Sharing the caring: Senior Lecturer Sebastian Sobek

Sebastian Sobek with his child.

Nature of your work.

Senior Lecturer at Uppsala University. Research and teaching. Leading a research team of about 10 persons, and supervising their work. Administration.

Career as a researcher.

  • 2005 PhD in Sweden (Uppsala University).
  • 2006-2009 Post-doc in Switzerland (Swiss Federal Institute of Technology (ETH Zurich), and Swiss Federal Institute of Aquatic Science and Technology (Eawag)).
  • 2009 Researcher at Swedish University of Agricultural Sciences.
  • 2010-2014 Assistant Professor, Uppsala University.
  • Since 2014 Senior Lecturer, Uppsala University.
  • Several major grants as PI since 2010, most notably an ERC starting grant in 2013.

Your family commitments.

3 children (born 2004, 2007 and 2010). Family duties shared with my wife (also a scientist).

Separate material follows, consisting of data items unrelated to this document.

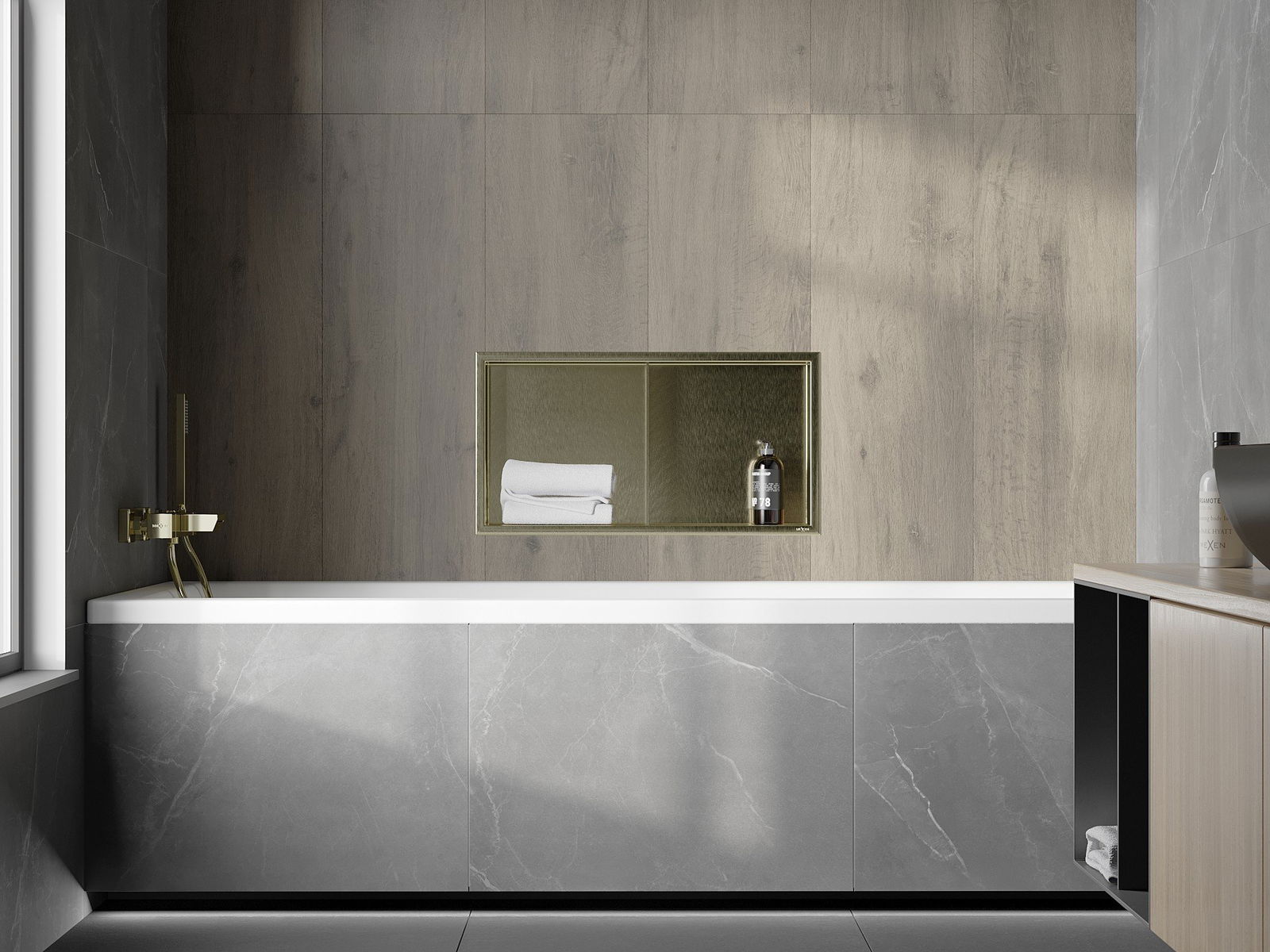 Możliwość montażu w ścianie lub w specjalnie przygotowanej zabudowie. Jest to niezwykle nowoczesne i funkcjonalne rozwiązanie, pozwalające zaoszczędzić przestrzeń oraz dopasować produkt do estetyki wnętrza i stworzyć spójną kompozycję.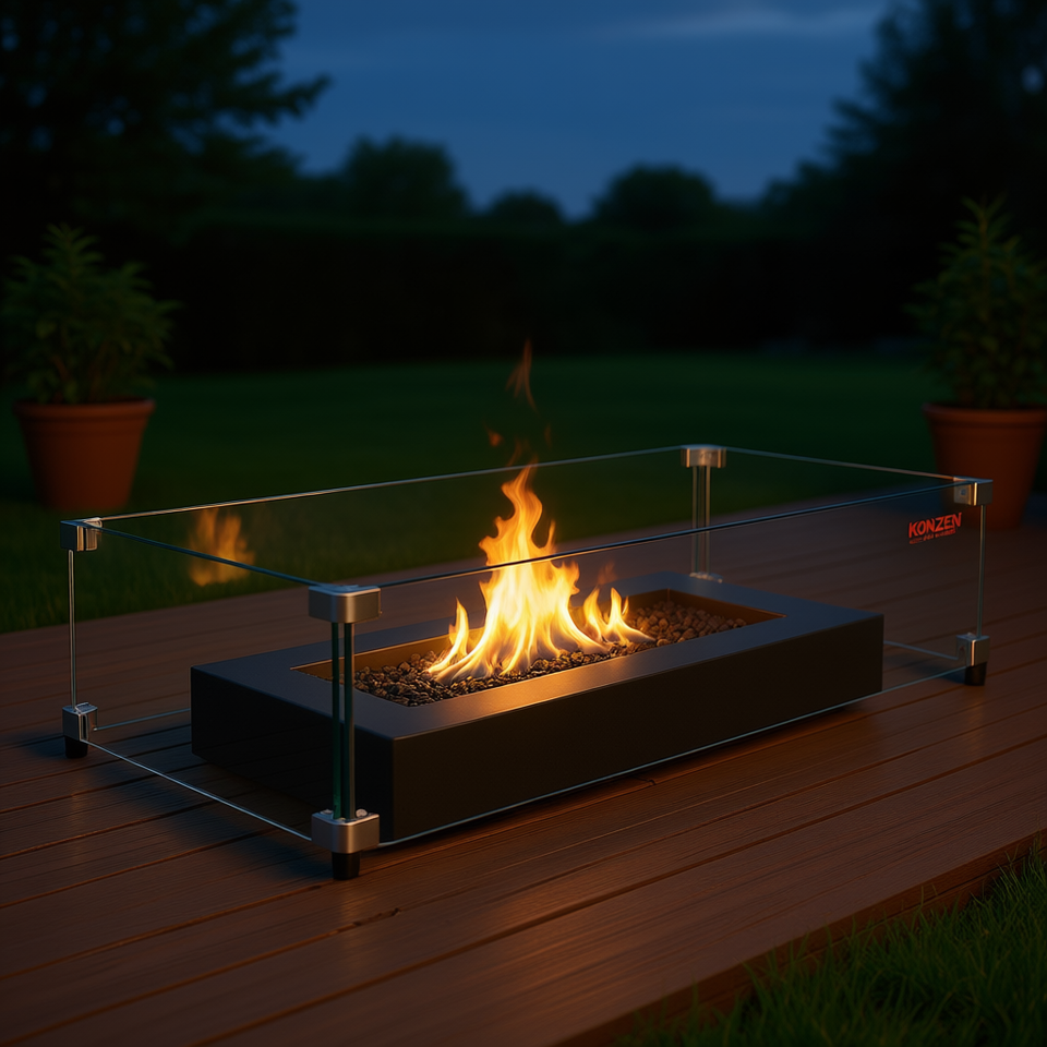 Mesa Rectangular para Fogatas Vevor de 36 x 16 x 7 Pulgadas con Protector de Viento de Vidrio Templado, Calentador de Bioetanol para Exteriores, Estilo Moderno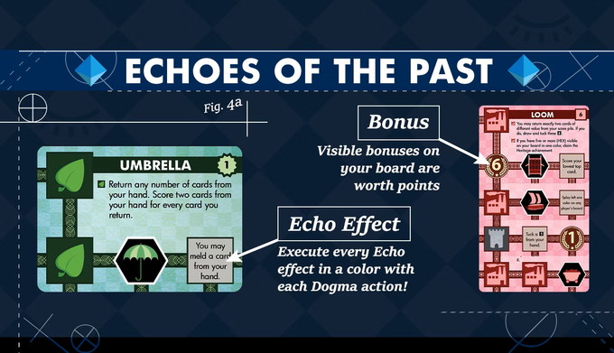 Echoes of the Past adds Echo Effects, which are activated when visible, and also the Foreshadow mechanic, which lets you store cards from future ages. You'll be able to promote them to your board once you get to that age, and take a free Dogma Action! Bonuses, which give extra points when visible, are part of the Echoes, Figures, and Cities. expansions.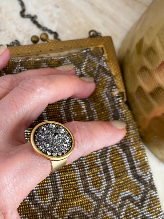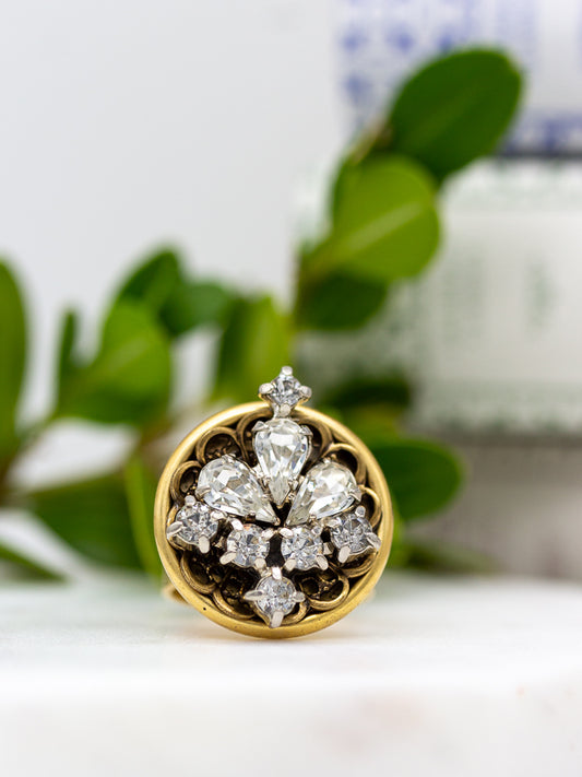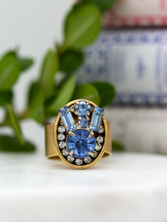 Light Blue Vintage Rhinestone Adjustable Statement Ring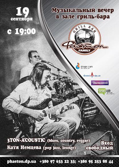 В субботу, 19 сентября, Вы услышите знакомые мотивы известных хитов в исполнении гостей на сцене Фаэтона! Яркая, заводая и харизматичная группа 3ton-acoustic угостит Вас, как всегда вкусными музыкальными бестселлерами. Приглашаем Вас провести незабываемый, теплый, почти домашний вечер в уютной обстановке вместе с гриль-баром Фаэтон.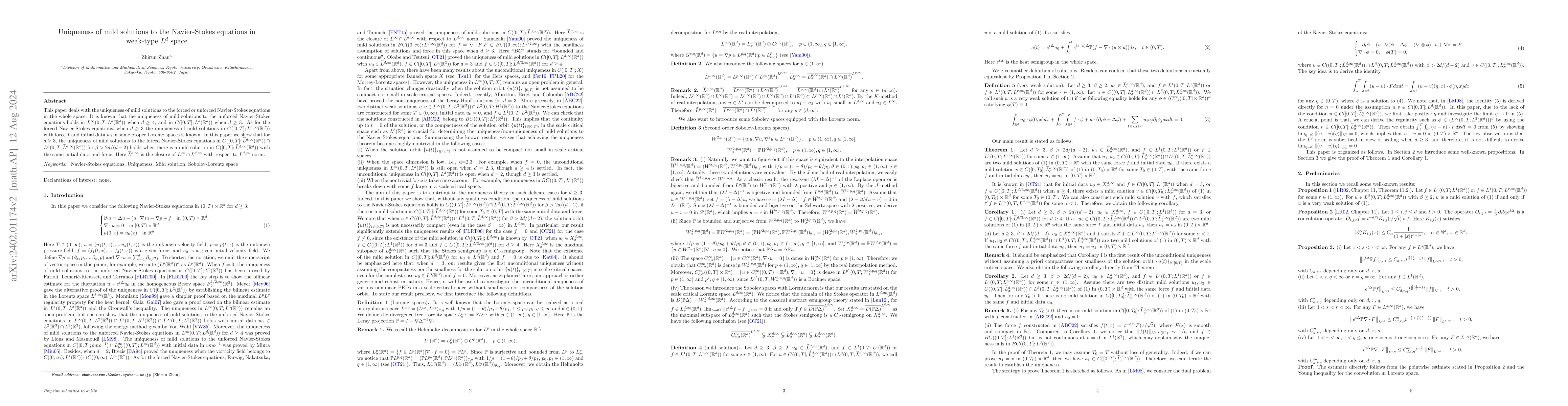 This paper proves the uniqueness of mild solutions to the forced Navier-Stokes equations in $\big(C((0,T];L^d(\mathbb{R}^d))\cap L^\infty((0,T);L^d(\mathbb{R}^d))\big)^d$ for $d\geq3$, extending known results for unforced cases. It also establishes the uniqueness of mild solutions for unforced Navier-Stokes equations in $\big(C((0,T];L^3(\mathbb{R}^3))\cap L^\infty((0,T);L^3(\mathbb{R}^3))\big)^3$.

Since my wife is commuting for work to another city, I am taking care of day-to-day family routines 4 days per week (delivering and picking up kids at school, preparing dinner, coordination of afternoon activities, etc).

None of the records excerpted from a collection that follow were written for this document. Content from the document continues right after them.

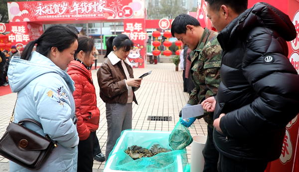 活动现场年味十足,红色主题展板与喜庆布置交相辉映,选购年货的市民络绎不绝。江苏宿迁洪泽湖大闸蟹展销摊位前早早排起长队,买到螃蟹的市民满脸笑意。
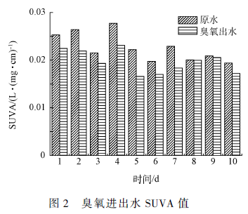 原水經臭氧預氧化后SUVA 的變化如圖2 所示。
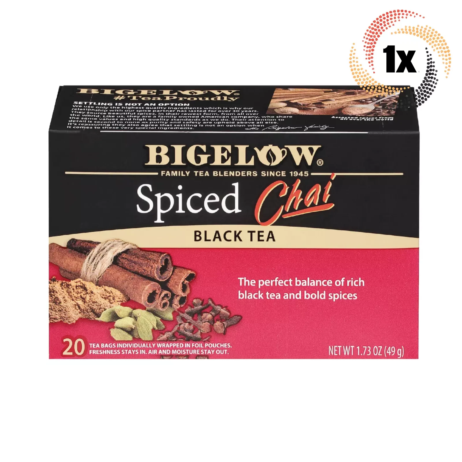 Each ingredient has been carefully selected by the Bigelow family to deliver an uncompromised quality tea experience. Bigelow Spiced Chai is a perfect blend of rich black tea and flavorful bold spices. Try it on its own or with a little milk and sweetener.
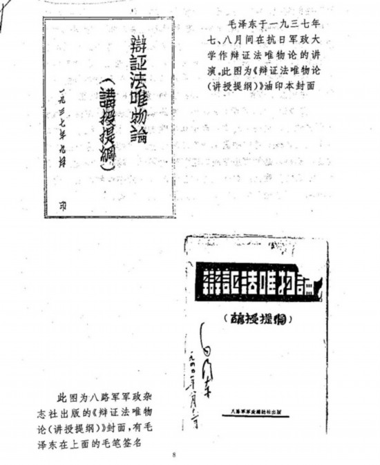 中央檔案館收藏的《辯證法唯物論》講授提綱的油印件和鉛印件,至今保存完好(見正文照片)。《真相》一文卻說《實(shí)踐論》、《矛盾論》不是毛澤東寫的,這不是無稽之談?dòng)质鞘裁矗?/p>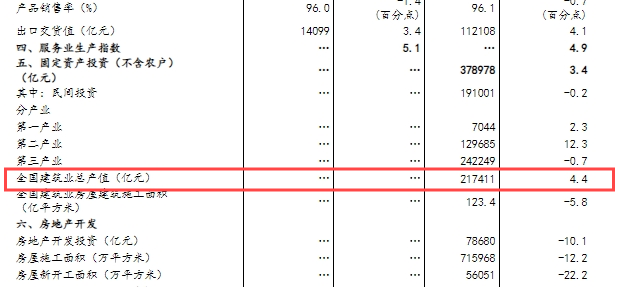 國家統(tǒng)計(jì)局:全國建筑業(yè)前三季度總產(chǎn)值217411億元!同比增長4.4%!

How do you balance your work and family commitments?

This is very difficult and was so particularly before I got a permanent position. Since my working day finishes early (at 16) on 4 of 5 days, I compensate by working in evenings. Most importantly, however, I was working 80% since the birth of the first child (2004) and until 2015; now, children are big enough to take own responsibility, but also evening working has increased since then. My wife is also working 80% but is stuck in a similar dilemma of evening work.

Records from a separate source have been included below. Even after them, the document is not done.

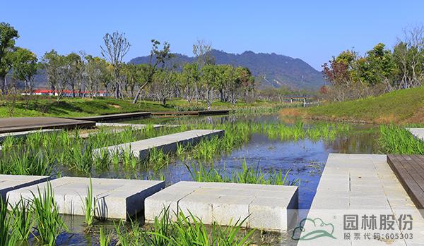 项目还充分利用浒溪及灵峰湖沿线的湖湾和众多洼地,引水入园,打造雨水花园、下沉式绿地等,通过丰富的植物配置与景观小品,形成沿湖而生的各个景点,并设置各色景观桥连通内塘与外湖的生态通道,将周边景点有机串连?;据谵ň吧饕?,湖光山色相映成趣,整个浒溪沿线形成一个可循环的生态系统,有效改善和美化了周边环境,展现可持续发展的造园理念。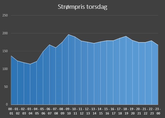 Strømprisene går litt opp igjen torsdag og vil få et snitt på 166 øre, mot 144 øre onsdag. 166 øre er imidlertid den samme prisen som vi opplevde tirsdag.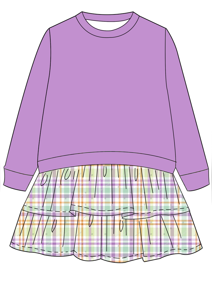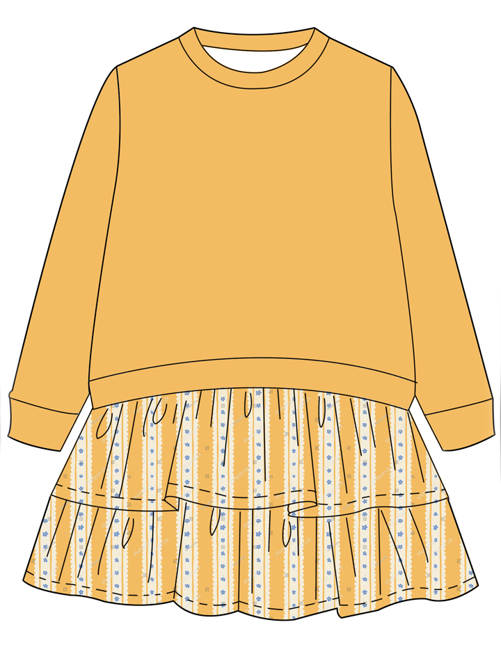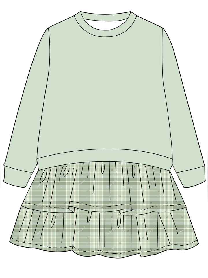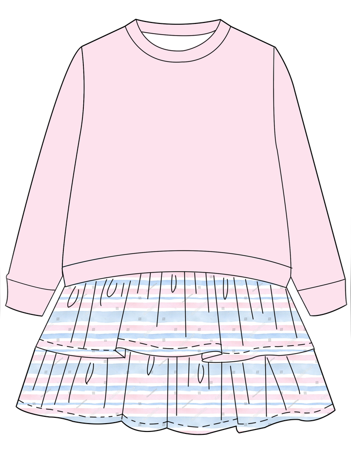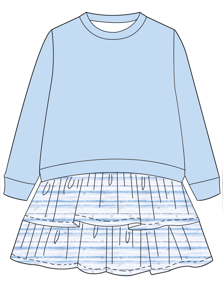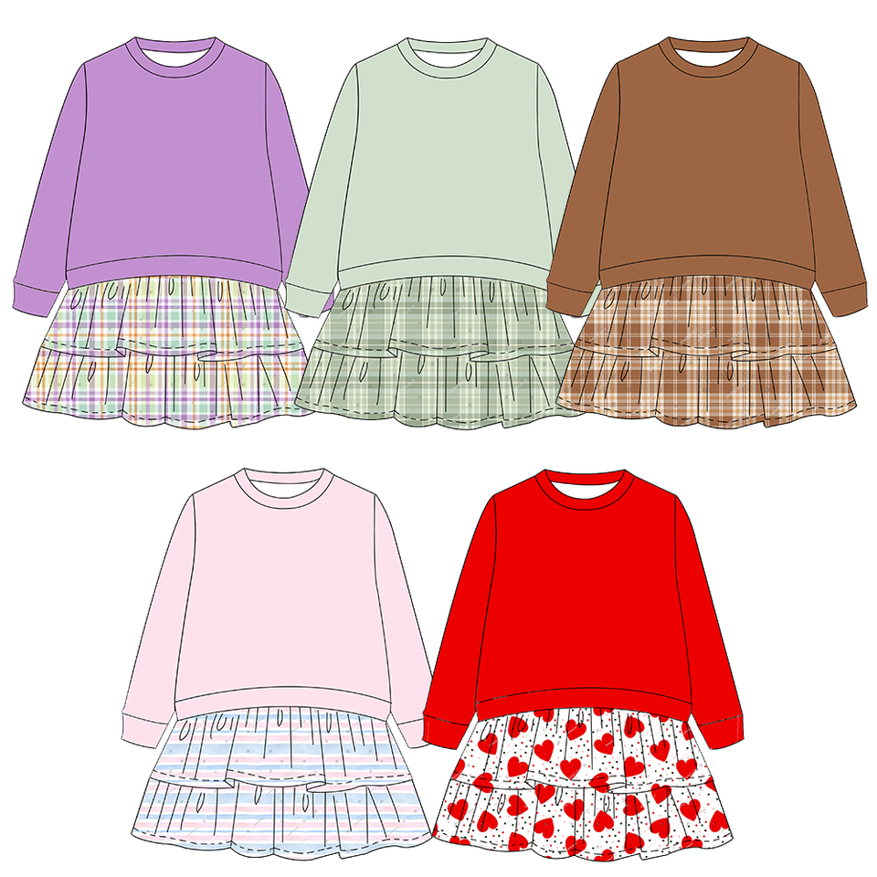 เสื้อแขนยาวคอกลมสำหรับเด็กเล็ก พร้อมกระโปรงระบายเป็นชั้นติดในตัว

I was also on full-time parental leave with each of the three kids when they were small, for a total of 1.5 years. This time was shared quite equally between my wife and me. In total, I have spent corresponding to 33 months full-time on parental leave.

What has helped you?

Personal choices

  • Family first.
  • Part-time work (80%).

Policies

  • Parental leave possible for men in Sweden.
  • Child care system very well-developed.
  • Part-time work for family reasons was possible because of an understanding professor (Switzerland) or national laws (Sweden).
  • Parental leave is discounted when scientific productivity is calculated, for grant applications, position eligibilities, etc.
  • Nothing important (meetings, lectures etc) before 8 and after 16 (in Sweden).

Informal support

  • Academic leadership: encouragement from professors to take family responsibilities
  • Senior male scientists as role models.
  • Understanding and tolerance from colleagues (meetings, sick leaves, etc).
  • My wife’s determination.

What has hindered you?

Apparently, nothing has hindered me directly, I have been successful in combining a research career with taking family responsibility and developing good relationships with my children. But of course, the absence of any of the points mentioned at the previous point would have hindered me.

The culture in Switzerland was less open to allowing men to take family responsibility (according to national law, fathers get only 2 days off from work when they get a child), so there could have been many hinders on my way, if I wouldn’t have a had such an understanding and supportive boss (professor). He said: children are important and take time. This was a very important case of academic leadership towards equal opportunities (meaning that also men get the opportunity to spend time with their children).

What have been the most difficult moments in your career considering family and work life balance?

There are many. Whenever work load culminates, or family duties culminate. I try then to remember my first decision when deciding to have kids (family first, work second) and juggle my way through. Difficult of course, but I profit also from my partner being in the same business and recognizing these situations, so we generally support each other well during peaks.

Very difficult in general are also job transitions because the uncertainty they involve is not really compatible with the family (e.g. moves). And all difficulties are enlarged by being on temporary employments, i.e. under permanent pressure to perform and out-compete others.

What is your experience of sharing family-care: (a) in your everyday life, (b) during field works, and (c) during secondments?

  • It works quite alright unless routines are failing because of sickness, special events, culminating work load etc.
  • Someone (e.g. grandparents) need to replace me when I go on extended field trips. Short field campaigns can be backed up by my wife stepping in and taking 100% responsibilities for these days.
  • The postdoc period in Switzerland was a common family project (my wife also did her post-doc there). I spent two months with a research group in Brazil, and the family followed me there for this period.

Your advice for others.

For more men to take more responsibilities for their families, and thereby allow for better career opportunities for their female partners, the female partners should be clear with what they want from the beginning. My wife’s determination and support has been very important for me.

Also: there are great benefits with combining family and a scientific career!

  • Increased time efficiency, better capacity to prioritize and manage time.
  • The time I spent with the children has helped me tremendously to improve my social and group leading skills, which have turned out to be very important in my professional life. This skill (typically called a soft skill) is absolutely key to leading my research team, and there is no better school for group leadership than running a family.